3
В тот вечер Алекс вернулся домой поздно, сильно раздосадованный ходом раскопок в замке. Начальство внесло изменения в порядок работы, не поставив его в известность. После истории с птицей Мэгги провела особенно утомительный день с детьми. Эми стояла на часах в саду и наотрез отказывалась зайти в дом, даже если шел дождь; а когда Мэгги решила все-таки увести ее и на три секунды выпустила из виду Сэма, мальчик проворно опрокинул коробку с хлопьями в собачью миску. Более того, у Мэгги вот-вот должны были начаться месячные, и ей было совершенно наплевать, как там Алекс копается в развалинах замка.
Тем временем муж обращал к ней речи, которые ему хотелось бы произнести на работе.

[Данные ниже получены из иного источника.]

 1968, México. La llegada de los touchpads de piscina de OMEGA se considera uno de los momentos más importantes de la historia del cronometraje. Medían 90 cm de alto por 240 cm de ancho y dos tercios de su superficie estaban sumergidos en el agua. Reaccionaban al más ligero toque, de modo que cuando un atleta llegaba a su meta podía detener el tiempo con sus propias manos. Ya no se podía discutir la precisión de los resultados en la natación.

— Живая археология — так они это называют! Значит, теперь нам придется проложить вокруг раскопок пешеходную дорожку, чтобы зеваки могли поглазеть, как мы работаем. Может, мне еще и раскидать кости для собак по всему участку?
— А разве ты сам никогда не останавливался, чтобы посмотреть, как трое мужчин роют яму посреди дороги?

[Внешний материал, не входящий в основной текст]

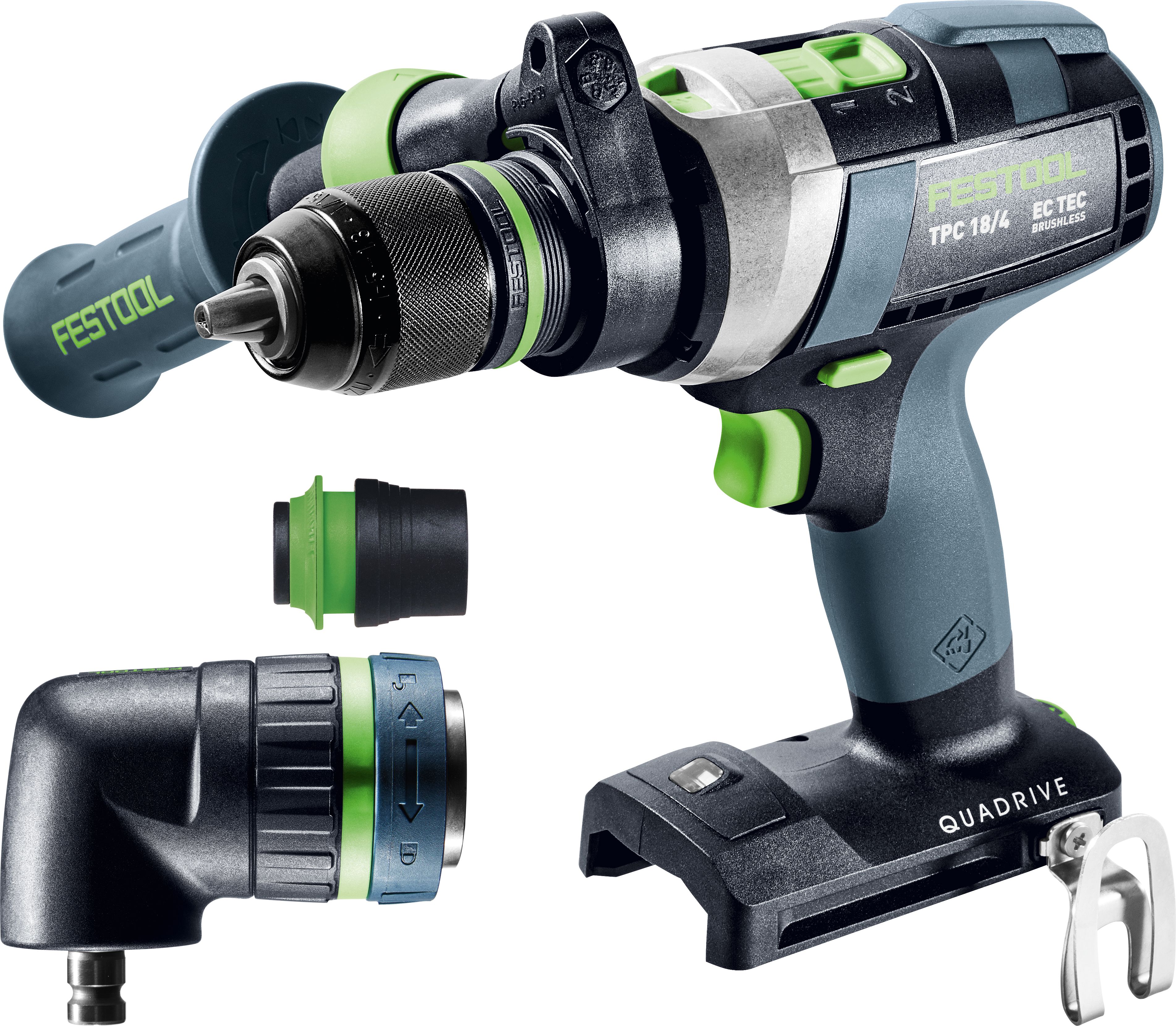 Kraftvoll. Vielseitig. Mit 4 Gängen für jede Anwendung. Mit dem besten Schaltkonzept, das ihr je bedient habt. Ganz gleich, ob in Holz, Metall oder dank zuschaltbarem Axialschlag auch in Mauerwerk: Der TPC ist extrem hart im Nehmen und verfügt mit seinem bürstenlosen EC-TEC Motor über enorme Belastbarkeit und Ausdauer. Zahlreiche Vorsätze, kombiniert mit perfekt abgestimmtem Zubehör, machen den QUADRIVE zu einem unübertroffenen Schlagbohrschrauber für unterschiedlichste Einsatzmöglichkeiten. Und gefährliches Verdrehen des Handgelenks bei plötzlichem Blockieren des Einsatzwerkzeugs? Unser intelligenter KickbackStop minimiert das Risiko, dass es so weit kommt. Probiert ihn aus: den besten Schlagbohrschrauber, den Festool je gebaut hat!

Алекс проигнорировал это замечание, сорвав с себя рабочую одежду и бросив ее в угол кухни.
— Я сказал им — ладно, только не заставляйте меня одеваться под Индиану Джонса. Они даже не поняли, о чем я говорю. Притворились, что не поняли. Как бы им это понравилось, а? Интересно, скольким людям приходится мириться с тем, что за их работой во всех подробностях наблюдает широкая публика?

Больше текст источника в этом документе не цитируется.